Öte yandan Erdoğan’ın Sinan Ateş’in eşiyle görüşmesiyle başlayan başka bir süreç daha var. Erdoğan da bu dosyayı Bahçeli’ye karşı bir koz olarak elinde tutuyor. Bir bakmışsınız ki dosyası ayrılan isimler bir anda mevcut dosyanın içine girmiş. Bir bakmışsınız iddianameye konmayan deliller yeniden dosyaya eklenmiş. Ama emin olabiliriz ki bu siyasi dava hangi yönde ilerlerse ilerlesin bu, istibdadın iç hesaplaşmasının bir unsuru olarak kalacaktır. Bu davadan adalet bekleyenler yanılıyor. Sinan Ateş’in ölümünü bir trajedi olarak sunanlar ve ondan bir demokrasi şehidi yaratmak isteyenler yanılıyor. Azmettirici Doğukan Çep mahkemede Hasan Ferit Gedik’i öldürmekle, Gülsuyu Mahallesi’nde uyuşturucu çetelerine karşı direnen sosyalist gençlere silah sıkmakla övünen konuşmalar yapıyor.

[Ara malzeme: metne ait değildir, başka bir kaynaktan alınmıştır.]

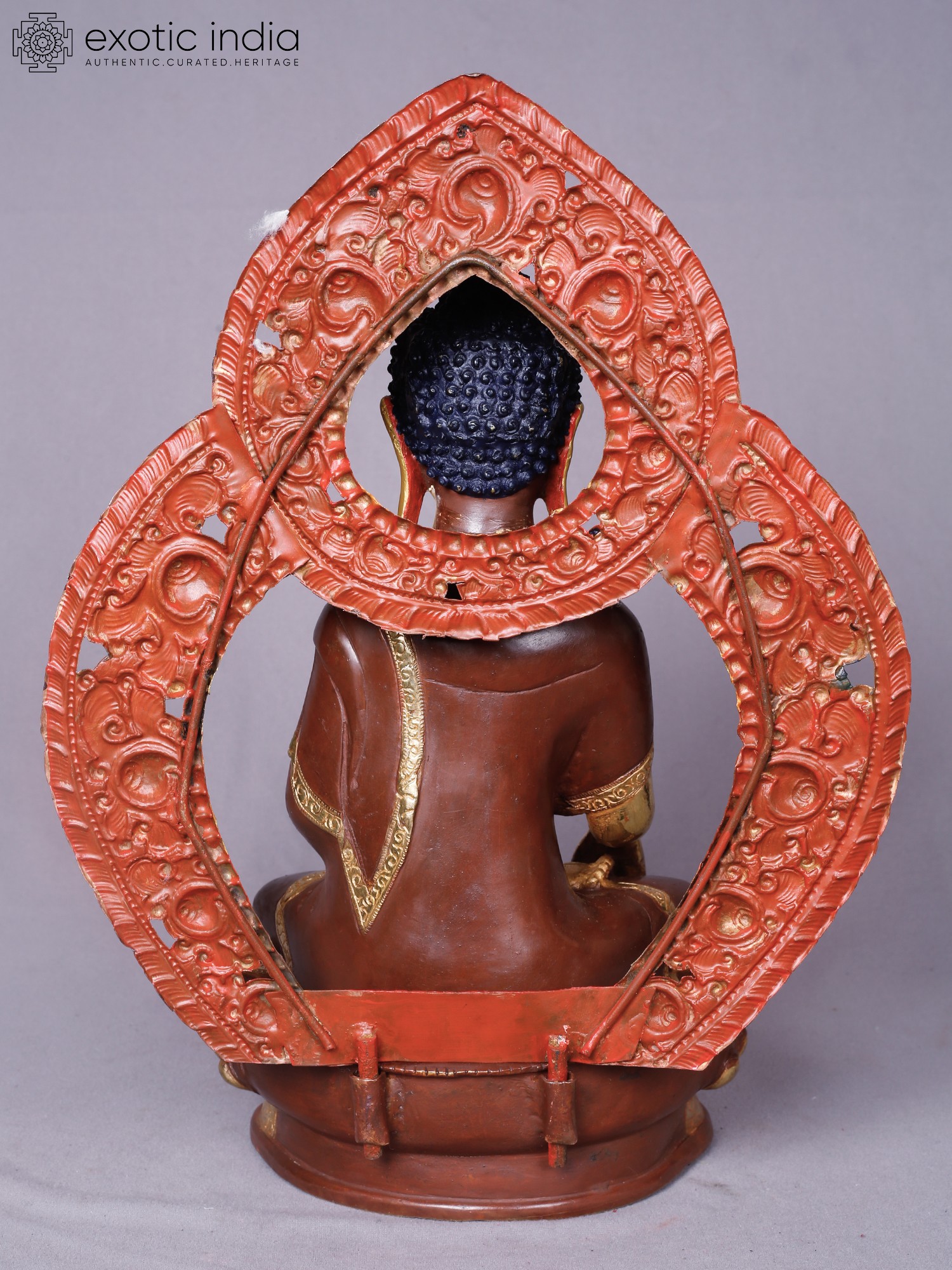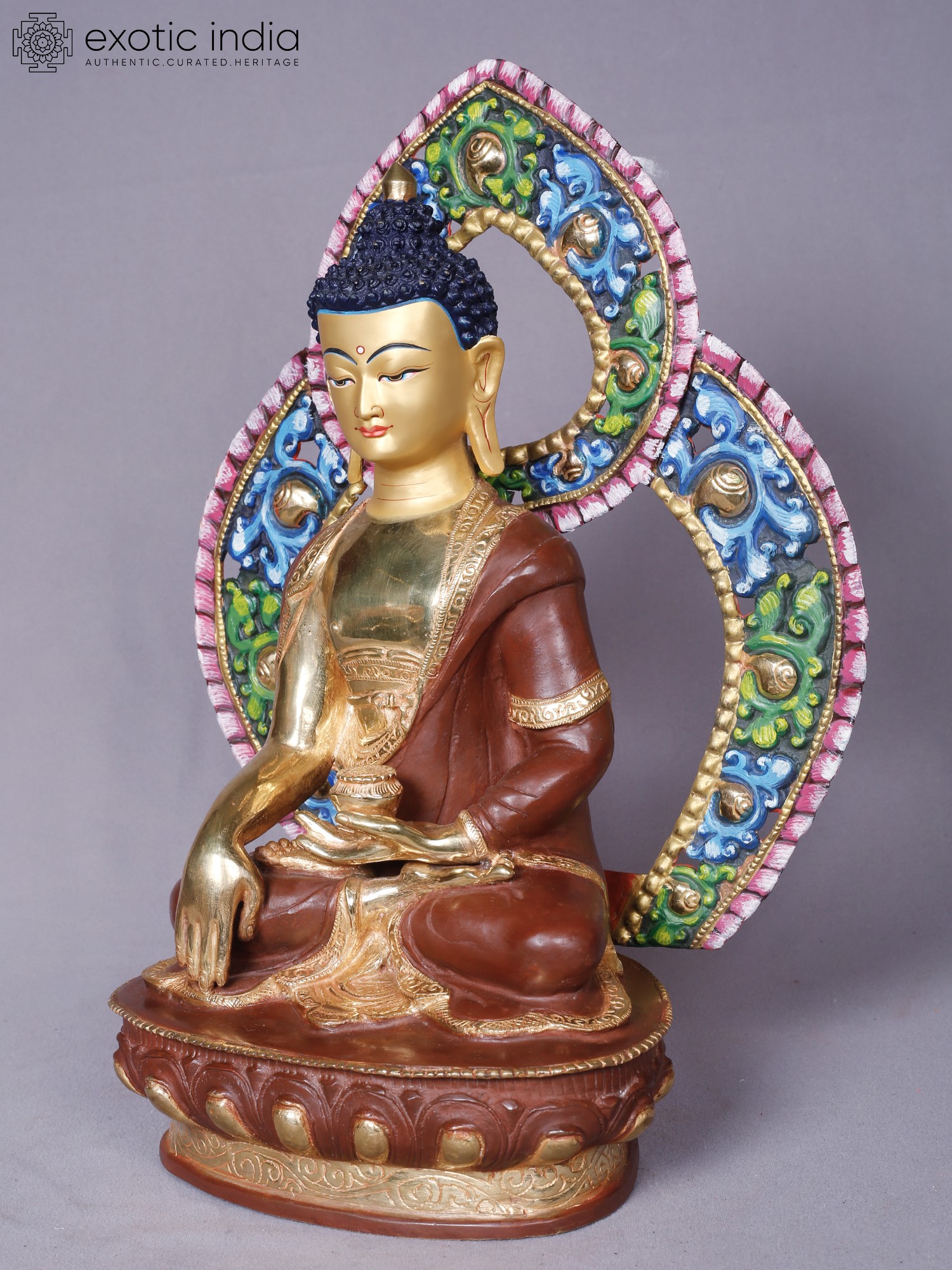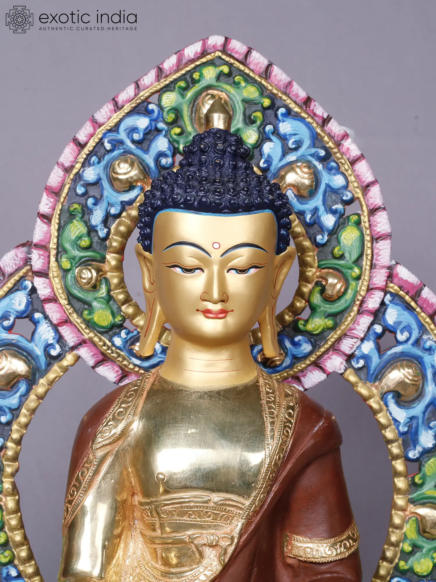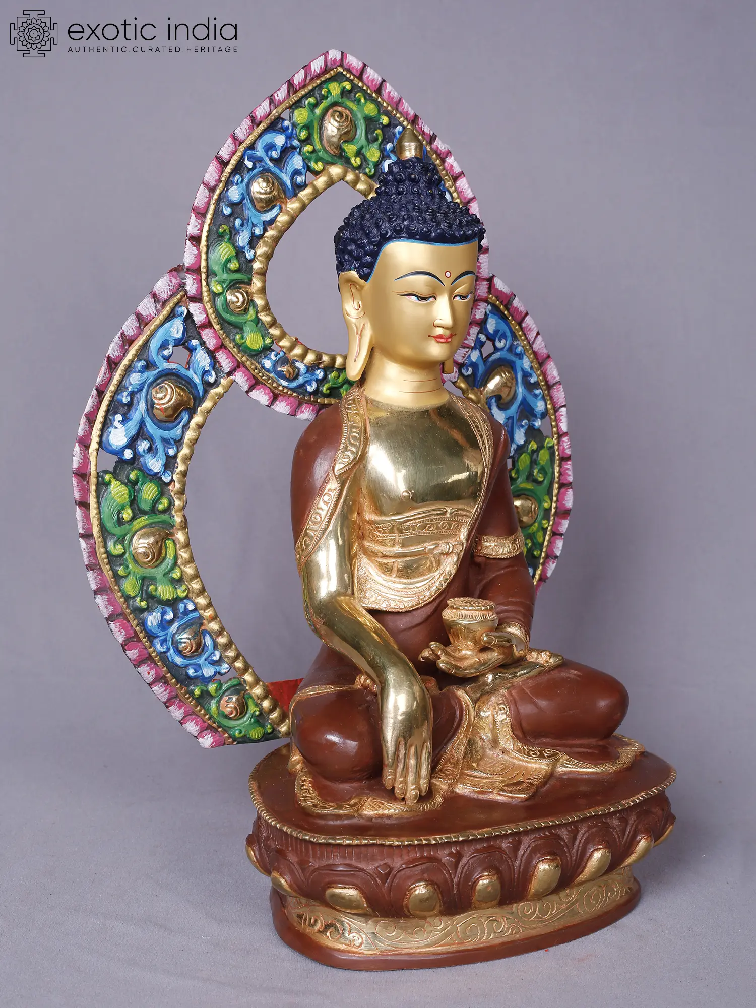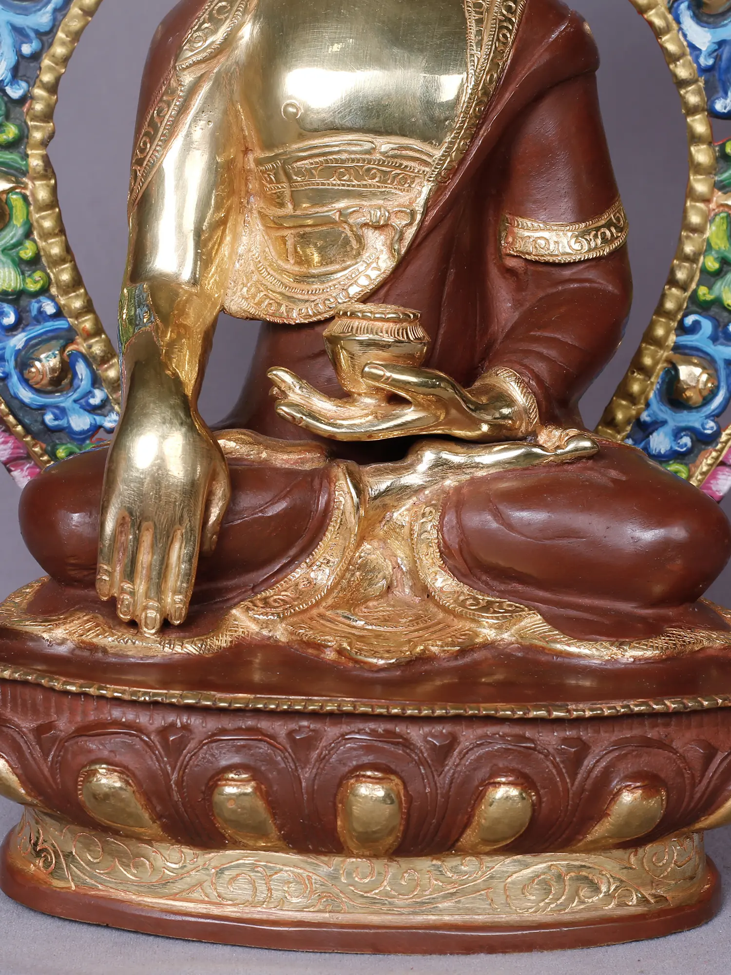 Observe the captivating aura that surrounds the enlightened one, rendered in a symphony of vibrant colors and intricate patterns. The golden sheen of the face and hands, contrasted with the rich, earthy tones of the robes, creates a visually stunning composition. The detailed carving of the lotus base and the elaborately ornamented aureole further enhance its majestic appeal, standing at a commanding 14 inches tall.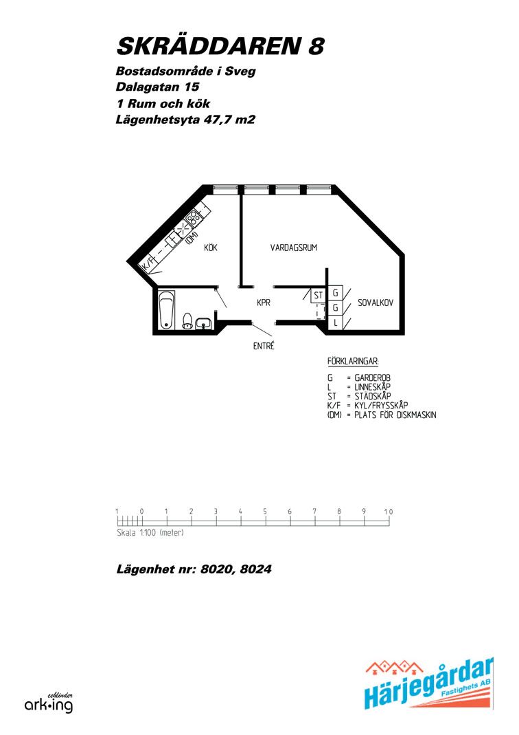 2 rm. apartment of 64 m²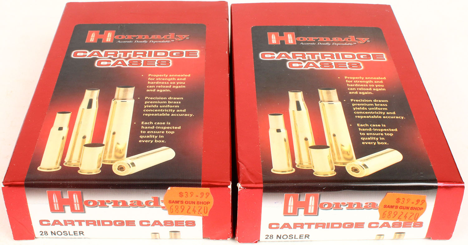 | Lot of 2 Hornady, Unprimed Cartridge Cases, 28 Nosler, Full, 1p...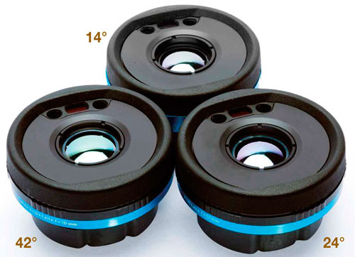Тепловизор FLIR T530 доступен в шести исполнениях в зависимости от интеллектуальных сменных объективов AutoCal, которые идут в комплекте:

Sinan Ateş’in bu eylemleri dolayısıyla kendisini nasıl kutladığını “hayallerimi gerçekleştirdin” dediğini anlatıyor. Bu katilin sözlerine güvenecek değiliz. Ama faşistlerin torbacıları tetikçi olarak kullanmaya Sinan Ateş Ülkü Ocakları başkanlığından ayrıldıktan sonra başladığına da çocuklar bile inanmaz. Bir trajedi varsa o da halkın evlatlarını torbacılara kurşunlatanların gün gelip aynı kurşunların hedefi olabilmesidir.
Bu yazı Gerçek gazetesinin Temmuz 2024 tarihli 178. sayısında yayınlanmıştır.